_Problem details_: An exact reproduction of the listing is wanted, with the pictures dropped.

_Source material_:
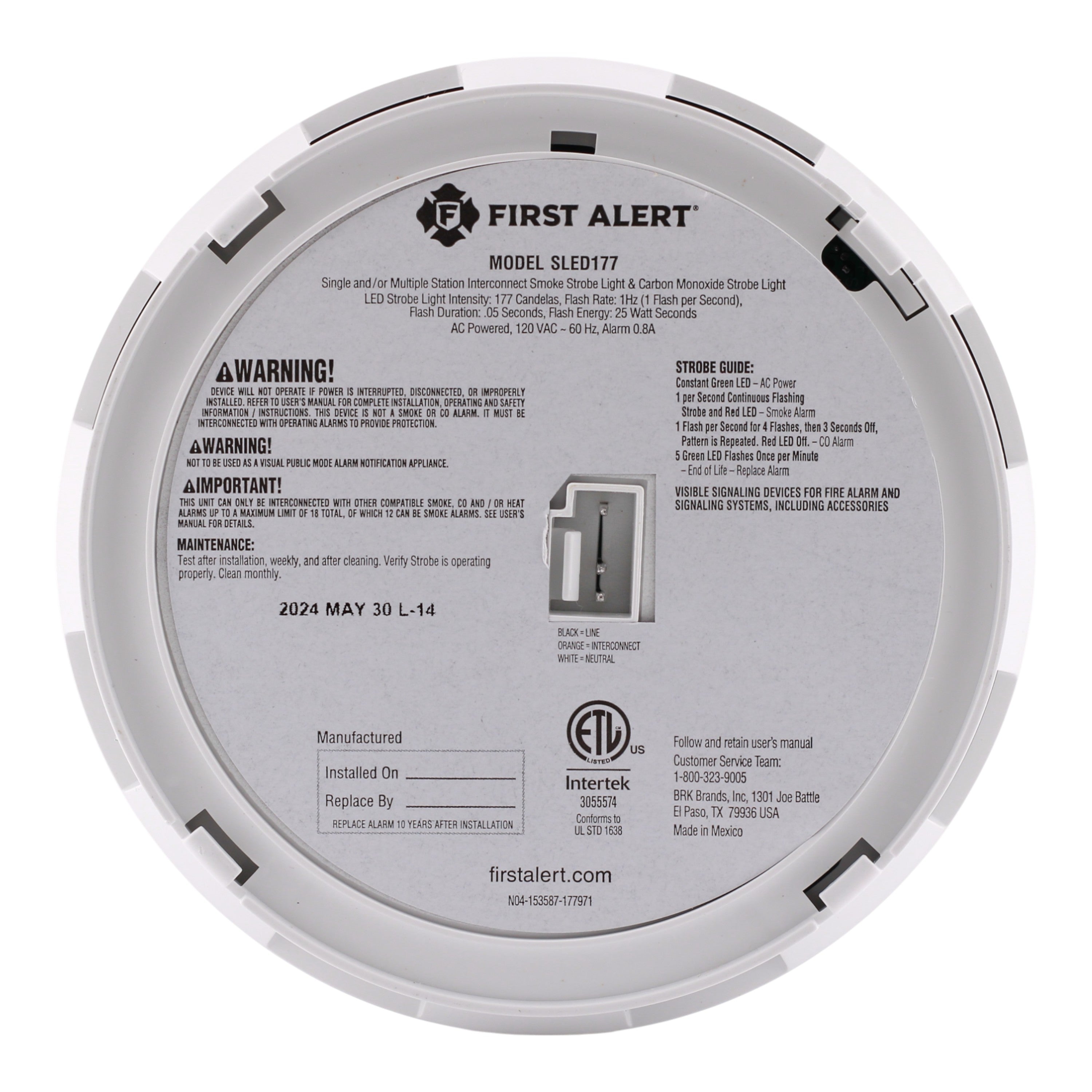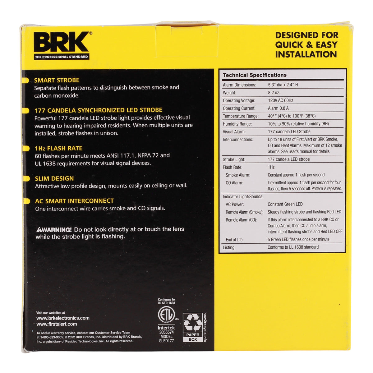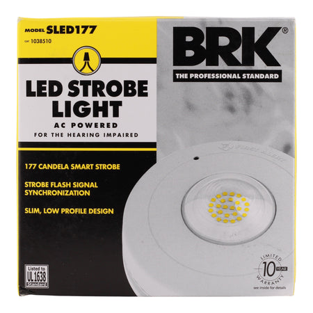 BRK SLED177: 177 Candela LED Strobe Light, 120 Volts AC, hardwired signaling device, dual flash patterns for smoke and CO alarms, synchronization capable, UL 1638 listed.
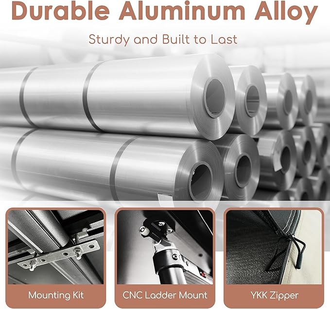 - Aluminum Frame & Easy Setup: Designed with a foldable structure, this tent opens effortlessly—no assembly needed. Built from aerospace-grade CNC aluminum, it’s rust-resistant, corrosion-proof, and strong yet lightweight. And the base comes pre-equipped with dual mounting rails for quick and easy installation. With just a few bolt adjustments, you're road-ready in minutes. Your next adventure starts here—faster and easier than ever before!
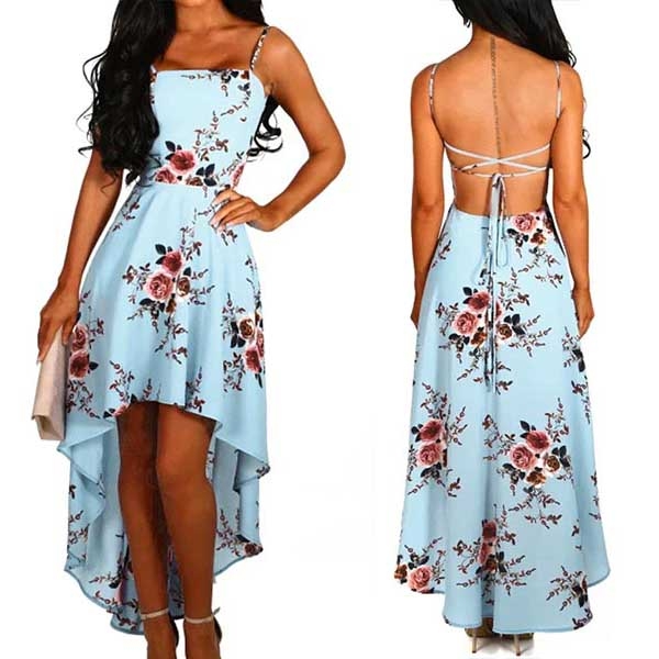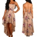 Sling and backless design can make you look sexier. Boasts vibrant floral print,the high-low hem design

_Result for this exercise_:
 BRK SLED177: 177 Candela LED Strobe Light, 120 Volts AC, hardwired signaling device, dual flash patterns for smoke and CO alarms, synchronization capable, UL 1638 listed.
 - Aluminum Frame & Easy Setup: Designed with a foldable structure, this tent opens effortlessly—no assembly needed. Built from aerospace-grade CNC aluminum, it’s rust-resistant, corrosion-proof, and strong yet lightweight. And the base comes pre-equipped with dual mounting rails for quick and easy installation. With just a few bolt adjustments, you're road-ready in minutes. Your next adventure starts here—faster and easier than ever before!
 Sling and backless design can make you look sexier. Boasts vibrant floral print,the high-low hem design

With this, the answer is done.